▶ What is expected:
Give back exactly the lines from the start of the entries below to the line holding "Cette action s'accompagne", that line included, and leave every picture out.
..........
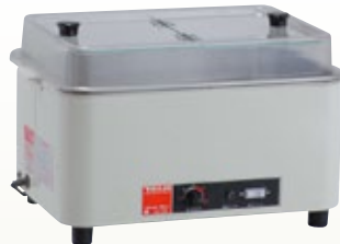
酒燗付器 HS-120 A C サイズ:W427×D295×H210 電 源:AC100V [コード] 12100-01
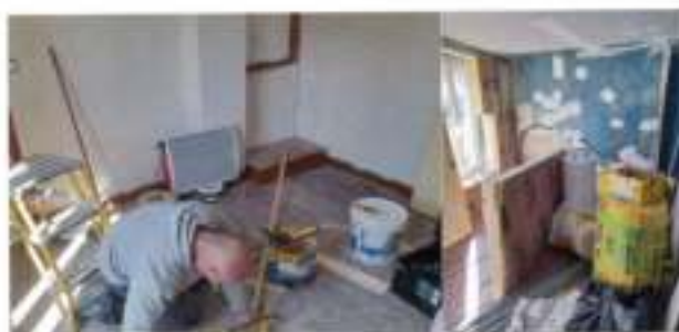
Plusieurs chantiers de réhabilitation sont en cours Rue des Bleuets

Cette action s'accompagne également d'importantes et régulières opérations d'entretien au sein de nos logements, soit en régie (avec nos propres services techniques), soit grâce à l'intervention d'entreprises locales. Ces travaux permanents de réhabilitation, de mise aux normes, d'amélioration des conditions de confort et des performances énergétiques, représentent une enveloppe annuelle d'environ 100 000 euros.
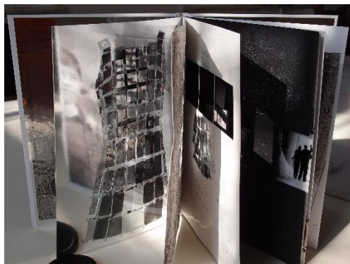
Фиг. 1. Регина Далкалъчева. Арт книга – уникат „Чуждият“, 2012/2013 г. Формат 19,5 x 26,5 см; CGD, ръчен Toner transfer на пигментни мастила върху сертифицирана хартия за художествен графичен печат Canson Infinity (270 g/m 2 , 100% памук). Авторска фотография, авторска калиграфия, ръчно щанцоване, деструктуриране и надрисуване на трансферирания образ. Ръчно книговеждане на книжното тяло.
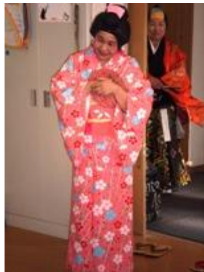
町娘・・・えっ まさかスタッフの〇〇さん
..........
▶ Response to this task:
酒燗付器 HS-120 A C サイズ:W427×D295×H210 電 源:AC100V [コード] 12100-01
Plusieurs chantiers de réhabilitation sont en cours Rue des Bleuets

Cette action s'accompagne également d'importantes et régulières opérations d'entretien au sein de nos logements, soit en régie (avec nos propres services techniques), soit grâce à l'intervention d'entreprises locales. Ces travaux permanents de réhabilitation, de mise aux normes, d'amélioration des conditions de confort et des performances énergétiques, représentent une enveloppe annuelle d'environ 100 000 euros.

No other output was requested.